After all, who can afford the babysitter on top of the double-price taxis and the bar price hike?

And who can keep awake until midnight for another thing?

This year however, we have been invited to a bash – and the kids can come too.

“It will be fun,” cajoled my husband.

This is the man who is inexplicably Bah Humbug every Christmas but for some reason appears to relish the grotesque forced jollity of New Year’s Eve.

He is one of those who exhibits that puerile determination that everyone is going to have the time of their lives simply because we are moving from one year to the next.

“Just forget it’s New Year and think of it as a big night out,” he said.

“I wish it were that simple,” I replied.

I suppose I could forget it was December 31 if I tried hard enough.

The trouble is nobody else would, so I would have to endure all that I hate about it anyway.”

“Well, what is it you hate so much?” he asked.

Without any difficulty at all, I hastily made him this list:

1) The cost.

I’ve touched on this already but he’s from Yorkshire so money matters.

So much so, it might even win me the excuse to stay indoors and have an early night.

2) The designated driver.

Nobody wants this job, and for good reason.

3) The prescribed rituals.

Does anyone actually know all the words to Auld Lang Syne?

4) The kiss.

One of these rituals. Yes, it’s an expected part of the midnight moment. Yet always, without fail, I’m left deprived of lips to lock with.

Usually this is because my other half has fallen asleep, is unwell or at the bar.

5) The queues.

Correct me if I’m wrong but I can’t see why celebrating the date going from the 31st to the 1st warrants queuing six deep at a bar full of leery, beery men sloshing Jagermeister over my nice new dress.

6) The drunks.

Those people who do not know when to stop. Those who vomit. Those who slur. Those who fall over. Those who fall asleep. Those who make inappropriate jokes. Those I become responsible for.

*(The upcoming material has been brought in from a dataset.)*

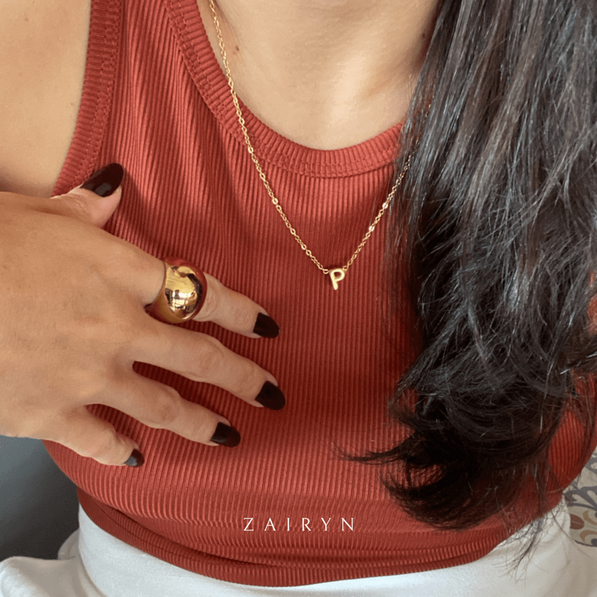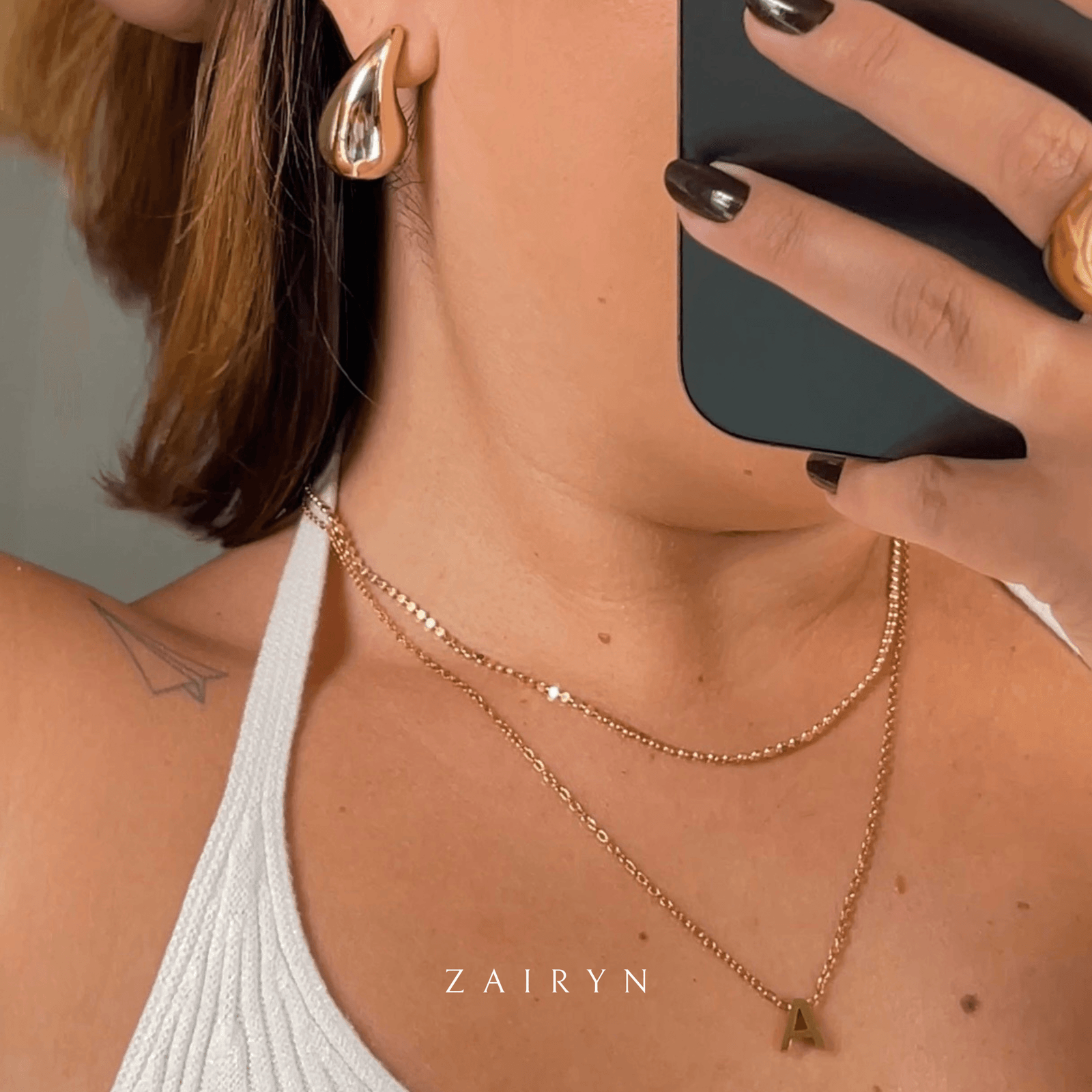 O Colar Inicial transforma o básico em algo especial. Com um pingente mais robusto e marcante, ele combina presença e delicadeza, destacando-se entre os modelos convencionais.

I’m talking to my husband here, of course.

7) The terror of town.

Britain turns into a hellish pub crawl of doom.

There are men slumped in the gutter and under-dressed women with acres of goose pimpled puce-coloured flesh swearing at each other in the street.

Spare me, please!

8) Getting home.

You can’t. Once you’re in town, you can’t escape. It’s like being trapped in a massive full-scale version of Take Me Out.

I can almost hear Paddy McGuinness now. “Let the hanky see the panky.”

Well Paddy, no likey, no lighty.

(Sorry, I lost myself there for a little moment.)

9) Jools Holland.

Do I need to elaborate?

10) Children.

I don’t care if they are old enough to party. Who wants them around past 8pm?

Besides which, if they are anything like mine, a late bedtime will do nothing to prevent them bounding into our bedroom at the crack of dawn and the rest of the day will be a blur of tiredness and temper tantrums.

11) False Optimism.

That’s right, as soon as Big Ben strikes 12 your slate will be wiped clean. The Etch-A-Sketch has been shaken, your past erased. This is your chance to reboot and redouble your efforts.

But what about if you tried really hard last year?

And why make promises you know that you will never keep?

12) Your hangover.

It will hurt. A lot. Trust me on this one.

And finally, perhaps above all, I hate the pressure to conform. There are better, cheaper and more enjoyable times to party.

So why not go wild and celebrate on a different date entirely?

After all, if you ask me, NYE parties are so last year.